Posted: 11:41 AM, Jan 12, 2016
Updated: 2016-01-12 11:41:00-05

Terry Forsberg spent most of his career building roads and installing underground utilities.

His construction company T.A. Forsberg, Inc., widened U.S. 127 north of Lake Lansing Road and did the utilities and grading for the Grand Traverse Resort in Traverse City.

He would later switch his focus to housing development, eventually building roughly 1,000 homes in Greater Lansing, including Ponderosa Estate in Okemos, Dimondale Estates in Dimondale and Upton Woods in Grand Ledge.

"What he did was what America was all about," said his son Ken Forsberg. "He started out with little to nothing and, through hard work, he made a better life for himself."

Forsberg, of Okemos, died on Dec. 23 of congenital heart failure.
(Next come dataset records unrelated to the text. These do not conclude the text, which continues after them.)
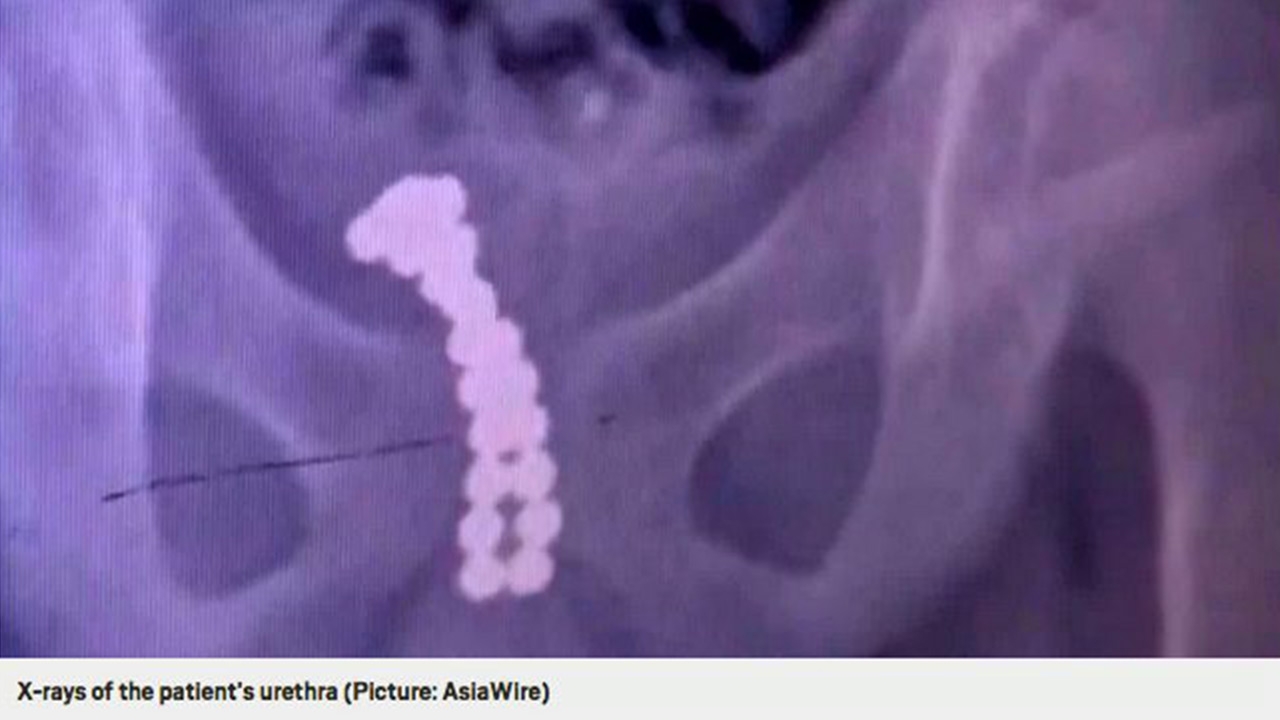 คุณหมอหวังชี้แจงว่า ลูกบัคบอลล์ซึ่งติดกันแน่นด้วยพลังแม่เหล็ก ได้ติดขัดขวางพื้นที่ของรูท่อปัสสาวะถึงสามในห้าส่วน ทำให้อวัยวะเพศบวมและเลือดออก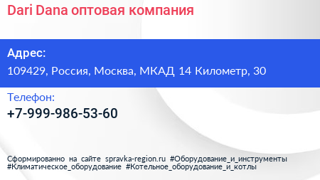 Dari Dana, оптовая компания по адресу 109429, Россия, Москва, МКАД 14 Километр, 30 в дальнейшем Организация, размещена в следующих категориях:
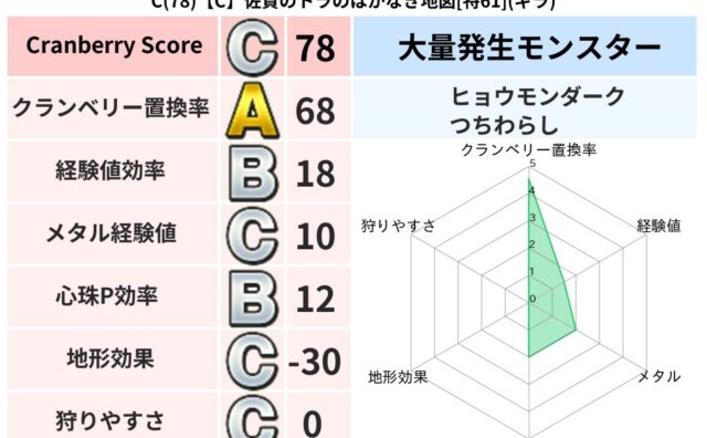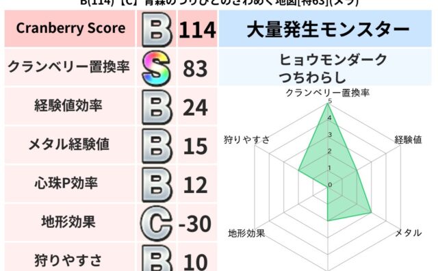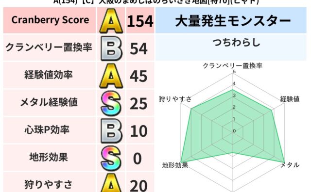 クランベリーボット判定結果の詳細クランベリースコア107クランベリー置換率62%大量発生モンスターつちわらし超耐性バギ(46%)超耐性・弱耐性なしドルマこころ道 完全一致モンスターかっちゅうアリ魔人(共通Lv1)アイアンクック守り人(まもり...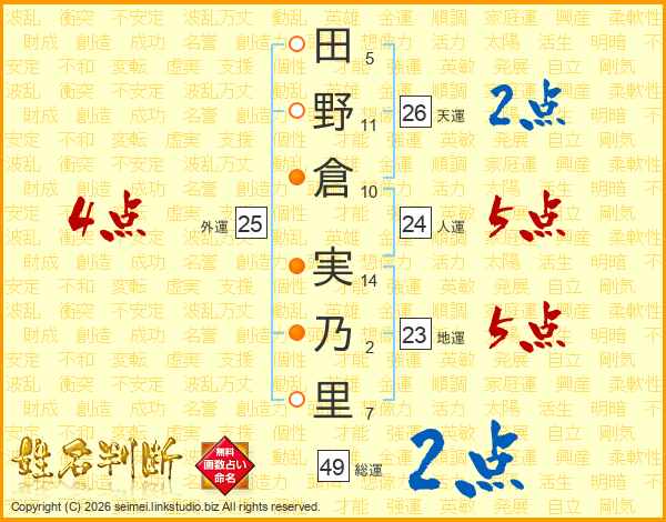 田(5画)野(11画)倉(10画) 実(14画)乃(2画)里(7画)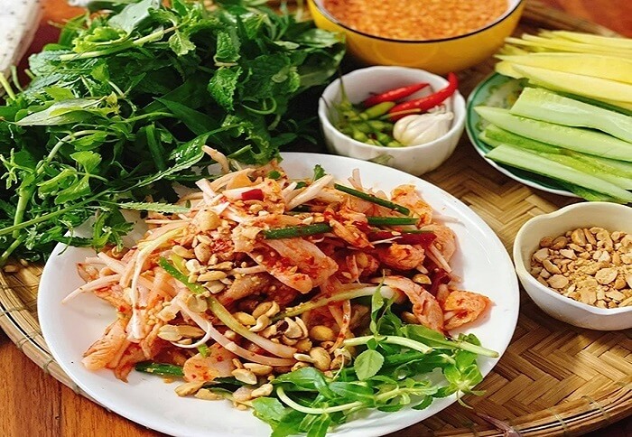 Phần thịt cá đã ráo nước sẽ được trộn đều với các loại rau củ thái sợi tươi ngon, tạo nên sự đa dạng về màu sắc, kết cấu và hương vị. Các nguyên liệu phổ biến bao gồm hành tây, dứa thái lát, cà rốt bào sợi, xoài xanh nạo sợi, dưa chuột thái lát mỏng, và chuối xanh thái lát mỏng. Sự kết hợp này mang lại vị chua, chát, giòn, ngọt tự nhiên, làm cân bằng vị béo của cá. Để tăng thêm độ bùi, béo và hương vị cay nhẹ kích thích vị giác, lạc rang giã nhuyễn (đậu phộng) và một chút ớt bột sẽ được thêm vào, trộn đều cùng các nguyên liệu khác. Khi thưởng thức, món gỏi không thể thiếu các loại rau thơm tươi sống đa dạng, đóng vai trò quan trọng trong việc tạo nên hương vị phức hợp và hấp dẫn.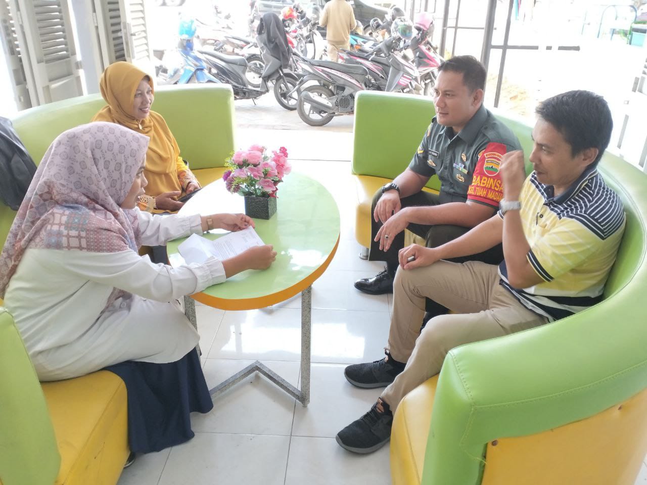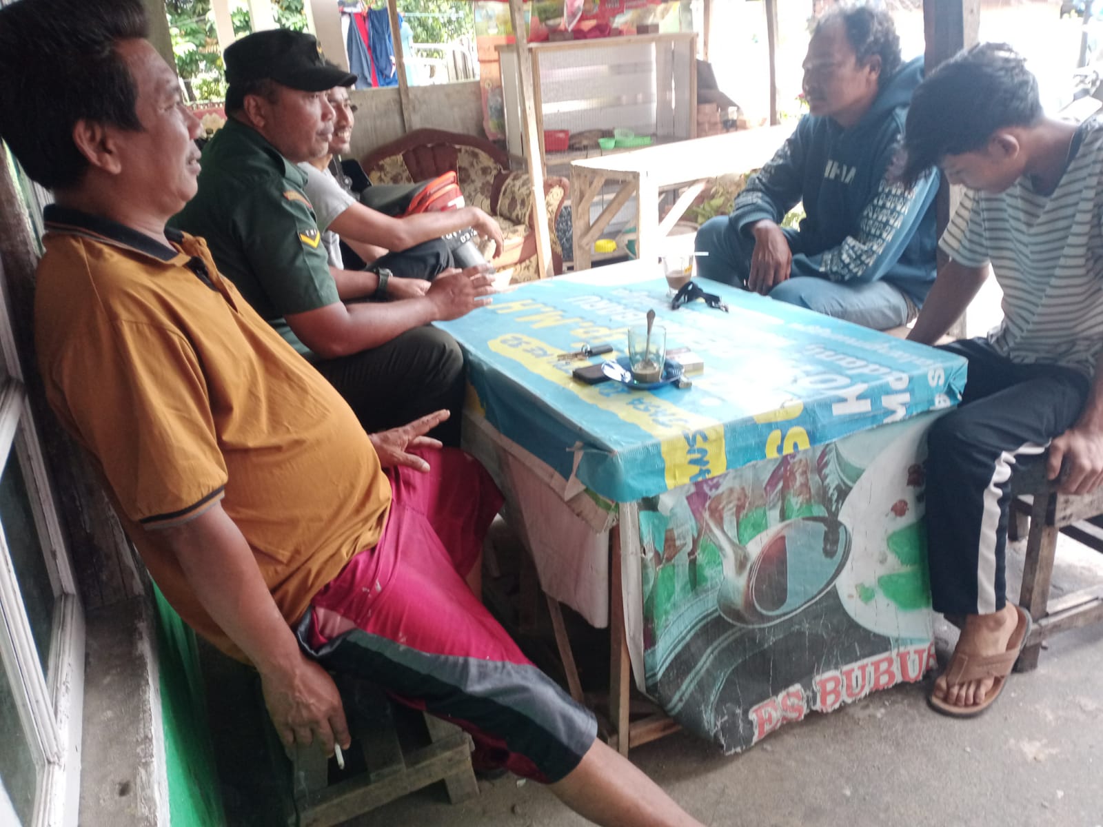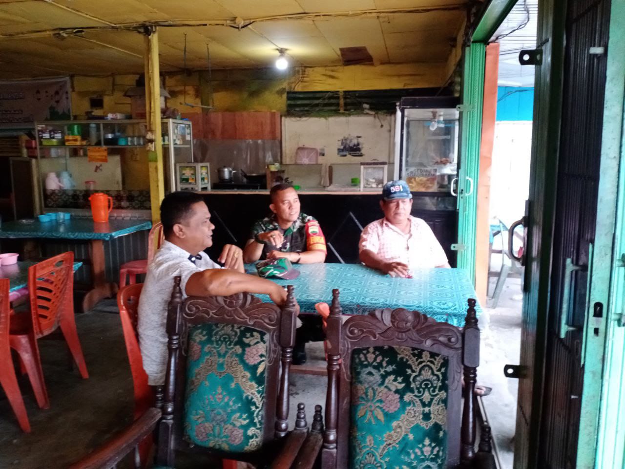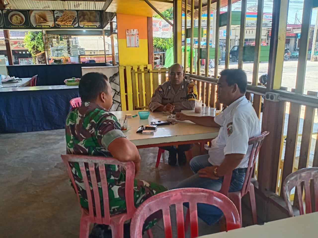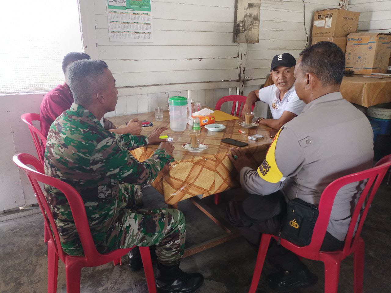 Saling kompak dan bersinergi, tiga pilar kelurahan Sei Sibam berkumpul dan senda gurau disalah satu kedai kopi Jalan Beringin Kecamatan Tuah Madani, Pekanbaru, Jumat.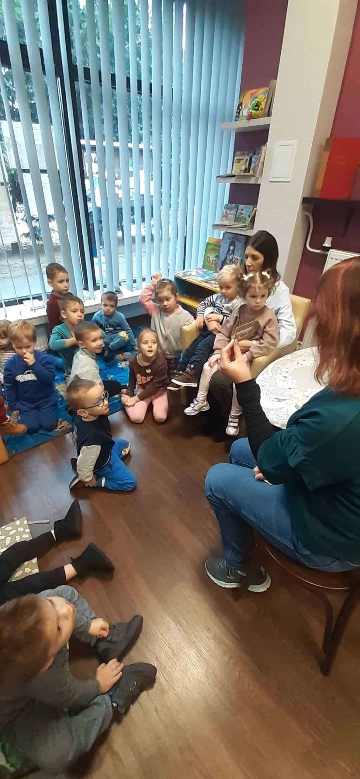 Dzieci z grupy Pomarańczowej udały się z wizytą do pobliskiej biblioteki w ramach realizacji zadań związanych z Narodowym Programem Rozwoju Czytelnictwa. Tematem spotkania była „Jesień w literaturze dziecięcej” , a inspiracją do rozmów z dziećmi był wiersz Wandy Chotomskiej „Pan Listopad”. Dzieci ponadto zwiedziły bibliotekę, poznały zasady wypożyczania książek i korzystania z czytelni. Pani Anecie dziękujemy za ciekawą prezentację.

He was 86.

Forsberg grew up on a potato farm near Tustin in Osceola County. After graduating high school, he sold magazines across the country. In 1950, he married Beulah Strayer from Williamston and settled in the Lansing area.

"He was a ball of energy," said his grandson Brent Forsberg, president of T.A. Forsberg. "If he was awake, he was always doing something. Even getting toward retirement in his 70s, he was trying to invent construction equipment and writing songs."

Forsberg started his construction business in the early 1950s after helping his brothers, Bob and Jay, build homes in the Lansing area. In the late 1950s, he built a ready mix concrete plant on Sunset Avenue to sell to other builders. Some of the sidewalks on Michigan Avenue still bear a stamp of his name.

In the 1960s, the company won contracts from the Michigan Department of Transportation to widen and pave highways.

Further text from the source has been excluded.